§ What to do: Start at the first line of the listing below. Write out each line exactly, stopping after the one that contains "1死から京田が加治屋からセン".
Top of Data extracts
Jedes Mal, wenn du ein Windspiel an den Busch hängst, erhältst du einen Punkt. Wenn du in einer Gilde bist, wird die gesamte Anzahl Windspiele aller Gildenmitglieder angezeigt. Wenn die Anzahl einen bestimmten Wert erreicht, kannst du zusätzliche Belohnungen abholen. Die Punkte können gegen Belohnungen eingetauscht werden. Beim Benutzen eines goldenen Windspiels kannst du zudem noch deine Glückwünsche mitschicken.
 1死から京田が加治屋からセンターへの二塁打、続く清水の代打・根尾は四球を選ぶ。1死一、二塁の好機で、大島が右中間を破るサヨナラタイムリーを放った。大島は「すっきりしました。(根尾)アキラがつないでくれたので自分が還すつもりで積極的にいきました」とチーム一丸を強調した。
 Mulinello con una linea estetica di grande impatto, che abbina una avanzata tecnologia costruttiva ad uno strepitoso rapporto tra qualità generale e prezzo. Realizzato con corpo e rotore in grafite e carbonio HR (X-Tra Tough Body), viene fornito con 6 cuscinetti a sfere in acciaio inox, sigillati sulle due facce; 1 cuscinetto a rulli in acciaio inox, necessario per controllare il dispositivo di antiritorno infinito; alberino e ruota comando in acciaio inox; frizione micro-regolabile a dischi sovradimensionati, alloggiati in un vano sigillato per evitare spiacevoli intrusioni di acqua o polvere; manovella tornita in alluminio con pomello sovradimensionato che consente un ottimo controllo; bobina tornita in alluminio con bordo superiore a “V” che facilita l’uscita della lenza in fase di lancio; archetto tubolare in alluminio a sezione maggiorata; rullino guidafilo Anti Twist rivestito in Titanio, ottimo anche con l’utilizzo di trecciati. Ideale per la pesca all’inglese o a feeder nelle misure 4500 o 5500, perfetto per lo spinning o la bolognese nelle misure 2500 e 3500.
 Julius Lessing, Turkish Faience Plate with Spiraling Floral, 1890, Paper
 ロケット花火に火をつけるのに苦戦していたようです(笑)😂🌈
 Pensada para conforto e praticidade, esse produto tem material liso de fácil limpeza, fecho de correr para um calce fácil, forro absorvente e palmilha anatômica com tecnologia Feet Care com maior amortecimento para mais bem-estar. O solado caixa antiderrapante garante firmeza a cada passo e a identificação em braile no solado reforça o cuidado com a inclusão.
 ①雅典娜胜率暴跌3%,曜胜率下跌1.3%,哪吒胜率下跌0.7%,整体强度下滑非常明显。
Bottom of Data extracts
§ Output below:
Jedes Mal, wenn du ein Windspiel an den Busch hängst, erhältst du einen Punkt. Wenn du in einer Gilde bist, wird die gesamte Anzahl Windspiele aller Gildenmitglieder angezeigt. Wenn die Anzahl einen bestimmten Wert erreicht, kannst du zusätzliche Belohnungen abholen. Die Punkte können gegen Belohnungen eingetauscht werden. Beim Benutzen eines goldenen Windspiels kannst du zudem noch deine Glückwünsche mitschicken.
 1死から京田が加治屋からセンターへの二塁打、続く清水の代打・根尾は四球を選ぶ。1死一、二塁の好機で、大島が右中間を破るサヨナラタイムリーを放った。大島は「すっきりしました。(根尾)アキラがつないでくれたので自分が還すつもりで積極的にいきました」とチーム一丸を強調した。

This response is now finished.